Task to carry out: Write out each record below exactly, but not the pictures.

Records provided:

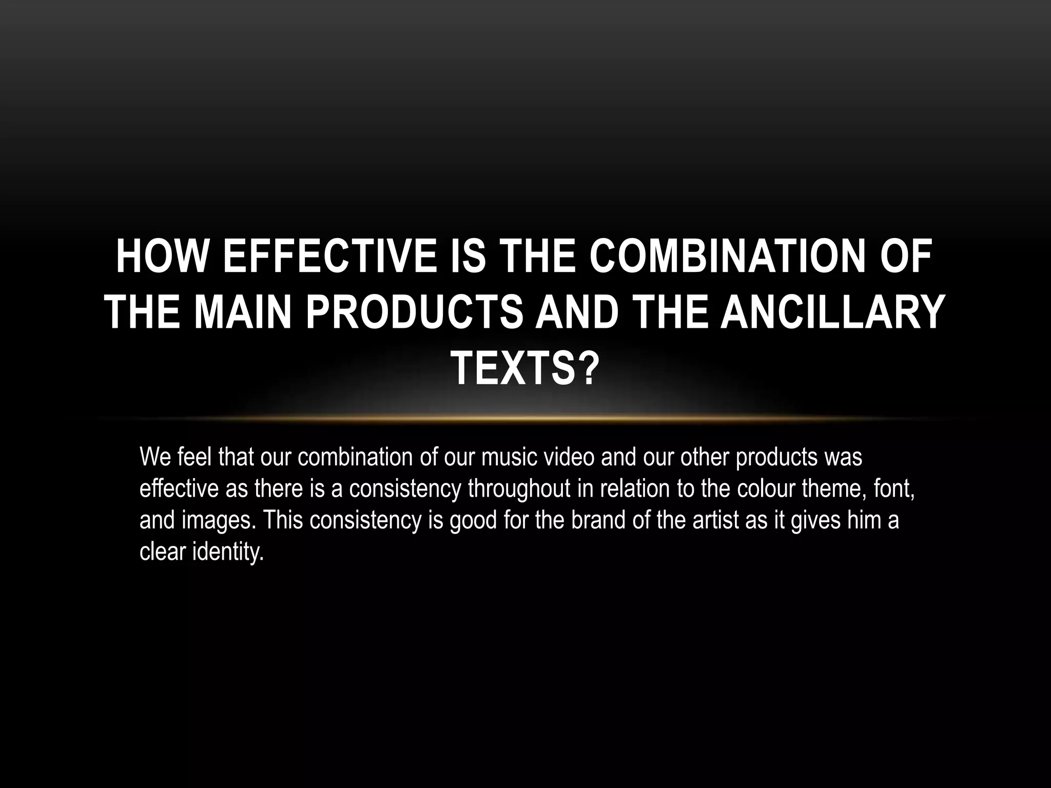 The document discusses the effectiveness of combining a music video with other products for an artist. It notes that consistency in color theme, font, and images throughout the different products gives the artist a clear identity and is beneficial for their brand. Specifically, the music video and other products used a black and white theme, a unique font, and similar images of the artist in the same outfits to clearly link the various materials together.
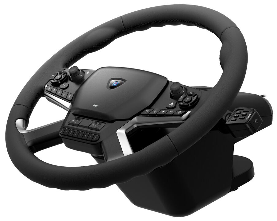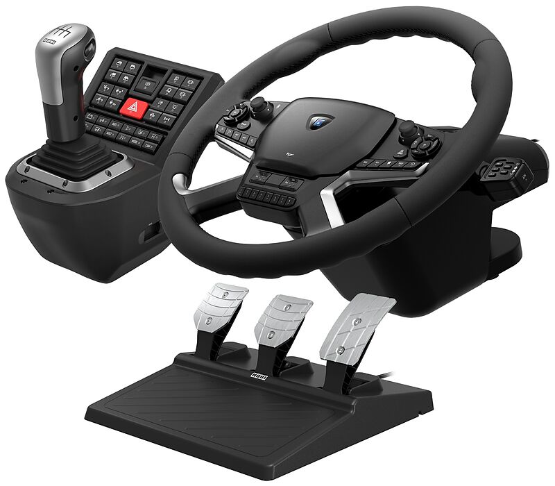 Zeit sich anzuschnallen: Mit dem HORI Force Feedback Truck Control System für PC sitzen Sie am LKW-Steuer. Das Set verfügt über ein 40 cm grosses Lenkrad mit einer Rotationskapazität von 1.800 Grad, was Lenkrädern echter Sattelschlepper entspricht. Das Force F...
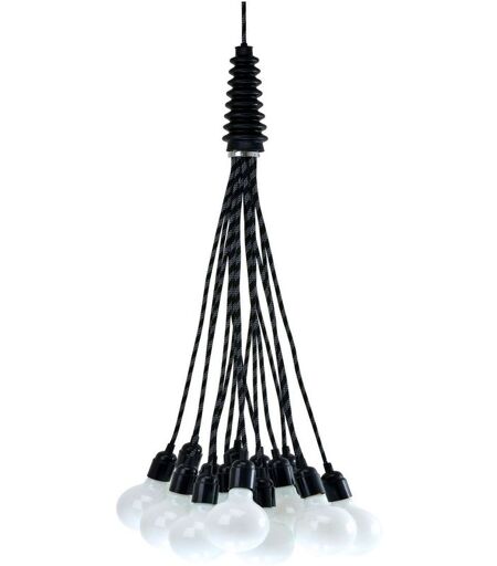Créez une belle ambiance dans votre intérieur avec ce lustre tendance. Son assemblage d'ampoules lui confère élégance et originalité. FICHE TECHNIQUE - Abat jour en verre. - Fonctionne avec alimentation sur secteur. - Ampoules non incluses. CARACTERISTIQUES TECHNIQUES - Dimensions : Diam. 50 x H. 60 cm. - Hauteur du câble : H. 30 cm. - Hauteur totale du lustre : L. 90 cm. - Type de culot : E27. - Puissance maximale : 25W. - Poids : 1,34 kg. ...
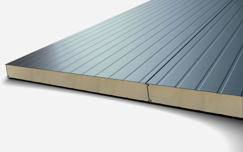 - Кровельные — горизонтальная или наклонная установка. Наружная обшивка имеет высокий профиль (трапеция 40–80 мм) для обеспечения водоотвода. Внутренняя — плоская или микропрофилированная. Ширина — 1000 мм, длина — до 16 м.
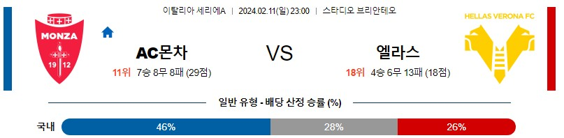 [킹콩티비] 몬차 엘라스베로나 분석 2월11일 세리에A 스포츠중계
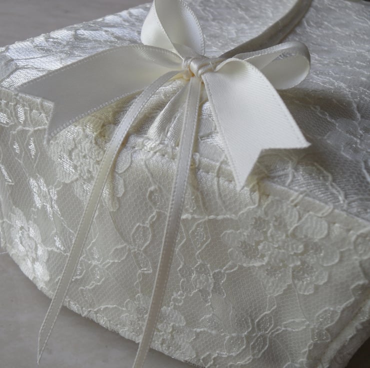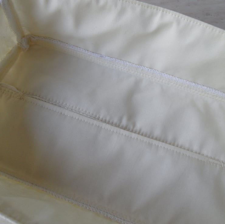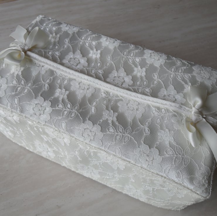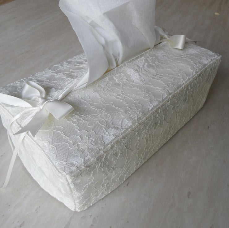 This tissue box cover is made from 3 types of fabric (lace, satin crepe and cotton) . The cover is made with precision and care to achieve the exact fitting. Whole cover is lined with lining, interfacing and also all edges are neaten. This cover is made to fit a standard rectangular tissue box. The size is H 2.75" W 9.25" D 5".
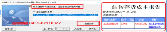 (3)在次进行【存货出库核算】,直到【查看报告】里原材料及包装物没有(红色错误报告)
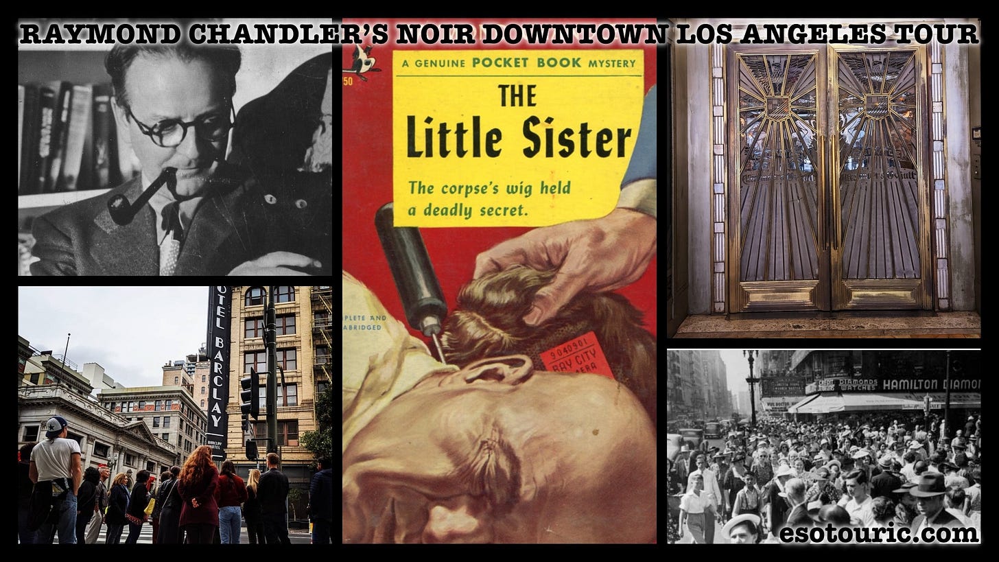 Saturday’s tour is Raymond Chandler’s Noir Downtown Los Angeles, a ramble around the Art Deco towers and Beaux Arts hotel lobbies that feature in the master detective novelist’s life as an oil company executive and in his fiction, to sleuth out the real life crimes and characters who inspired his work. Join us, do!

Solution:
 The document discusses the effectiveness of combining a music video with other products for an artist. It notes that consistency in color theme, font, and images throughout the different products gives the artist a clear identity and is beneficial for their brand. Specifically, the music video and other products used a black and white theme, a unique font, and similar images of the artist in the same outfits to clearly link the various materials together.
 Zeit sich anzuschnallen: Mit dem HORI Force Feedback Truck Control System für PC sitzen Sie am LKW-Steuer. Das Set verfügt über ein 40 cm grosses Lenkrad mit einer Rotationskapazität von 1.800 Grad, was Lenkrädern echter Sattelschlepper entspricht. Das Force F...
Créez une belle ambiance dans votre intérieur avec ce lustre tendance. Son assemblage d'ampoules lui confère élégance et originalité. FICHE TECHNIQUE - Abat jour en verre. - Fonctionne avec alimentation sur secteur. - Ampoules non incluses. CARACTERISTIQUES TECHNIQUES - Dimensions : Diam. 50 x H. 60 cm. - Hauteur du câble : H. 30 cm. - Hauteur totale du lustre : L. 90 cm. - Type de culot : E27. - Puissance maximale : 25W. - Poids : 1,34 kg. ...
 - Кровельные — горизонтальная или наклонная установка. Наружная обшивка имеет высокий профиль (трапеция 40–80 мм) для обеспечения водоотвода. Внутренняя — плоская или микропрофилированная. Ширина — 1000 мм, длина — до 16 м.
 [킹콩티비] 몬차 엘라스베로나 분석 2월11일 세리에A 스포츠중계
 This tissue box cover is made from 3 types of fabric (lace, satin crepe and cotton) . The cover is made with precision and care to achieve the exact fitting. Whole cover is lined with lining, interfacing and also all edges are neaten. This cover is made to fit a standard rectangular tissue box. The size is H 2.75" W 9.25" D 5".
 (3)在次进行【存货出库核算】,直到【查看报告】里原材料及包装物没有(红色错误报告)
 Saturday’s tour is Raymond Chandler’s Noir Downtown Los Angeles, a ramble around the Art Deco towers and Beaux Arts hotel lobbies that feature in the master detective novelist’s life as an oil company executive and in his fiction, to sleuth out the real life crimes and characters who inspired his work. Join us, do!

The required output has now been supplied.